*** Opening RECORD SET ***

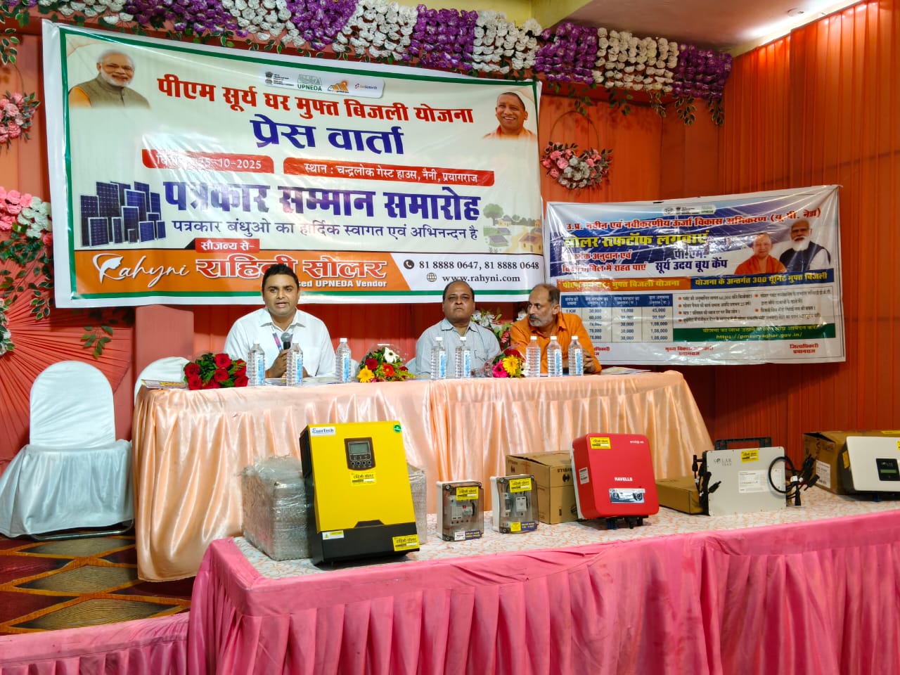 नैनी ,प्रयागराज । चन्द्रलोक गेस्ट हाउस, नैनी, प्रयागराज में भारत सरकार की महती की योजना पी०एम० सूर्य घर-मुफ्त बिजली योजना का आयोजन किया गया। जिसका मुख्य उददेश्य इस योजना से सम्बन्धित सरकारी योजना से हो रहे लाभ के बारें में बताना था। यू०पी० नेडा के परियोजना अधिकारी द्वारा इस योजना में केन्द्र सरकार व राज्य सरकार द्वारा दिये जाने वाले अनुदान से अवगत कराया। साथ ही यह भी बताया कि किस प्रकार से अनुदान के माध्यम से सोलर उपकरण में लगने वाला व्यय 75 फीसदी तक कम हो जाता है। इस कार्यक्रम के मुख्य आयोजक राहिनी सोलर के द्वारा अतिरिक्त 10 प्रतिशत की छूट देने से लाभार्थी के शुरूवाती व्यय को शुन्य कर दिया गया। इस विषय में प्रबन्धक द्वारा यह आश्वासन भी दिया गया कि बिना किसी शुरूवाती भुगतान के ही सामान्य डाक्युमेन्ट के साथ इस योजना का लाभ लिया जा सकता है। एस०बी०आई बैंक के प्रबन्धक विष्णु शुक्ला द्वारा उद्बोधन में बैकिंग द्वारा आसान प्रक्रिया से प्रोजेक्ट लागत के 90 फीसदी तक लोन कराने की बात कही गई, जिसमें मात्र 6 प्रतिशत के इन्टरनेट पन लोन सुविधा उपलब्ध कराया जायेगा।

*** Closing RECORD SET ***
*** Opening RECORD SET ***

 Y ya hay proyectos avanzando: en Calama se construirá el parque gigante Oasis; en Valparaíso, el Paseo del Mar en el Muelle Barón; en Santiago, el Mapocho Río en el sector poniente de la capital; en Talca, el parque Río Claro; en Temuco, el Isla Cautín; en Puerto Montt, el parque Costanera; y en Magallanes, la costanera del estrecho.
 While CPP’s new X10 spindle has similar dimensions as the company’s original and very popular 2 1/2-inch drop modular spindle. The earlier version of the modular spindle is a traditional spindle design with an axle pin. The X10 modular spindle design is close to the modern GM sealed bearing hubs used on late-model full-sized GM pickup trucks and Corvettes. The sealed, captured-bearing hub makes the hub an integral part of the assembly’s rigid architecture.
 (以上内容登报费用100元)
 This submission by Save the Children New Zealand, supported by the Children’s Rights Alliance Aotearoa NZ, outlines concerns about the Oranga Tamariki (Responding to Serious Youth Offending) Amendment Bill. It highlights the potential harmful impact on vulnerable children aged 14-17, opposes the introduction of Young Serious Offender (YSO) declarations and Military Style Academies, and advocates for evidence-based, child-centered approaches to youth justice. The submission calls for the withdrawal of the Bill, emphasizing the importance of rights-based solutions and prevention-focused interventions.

*** Closing RECORD SET ***

**PROBLEM REQUIREMENTS**
Reproduce word for word the material above, starting with the line that has "(以上内容登报费用100元)" and stopping after the line that has "This submission by".

**EXERCISE ANSWER**
 (以上内容登报费用100元)
 This submission by Save the Children New Zealand, supported by the Children’s Rights Alliance Aotearoa NZ, outlines concerns about the Oranga Tamariki (Responding to Serious Youth Offending) Amendment Bill. It highlights the potential harmful impact on vulnerable children aged 14-17, opposes the introduction of Young Serious Offender (YSO) declarations and Military Style Academies, and advocates for evidence-based, child-centered approaches to youth justice. The submission calls for the withdrawal of the Bill, emphasizing the importance of rights-based solutions and prevention-focused interventions.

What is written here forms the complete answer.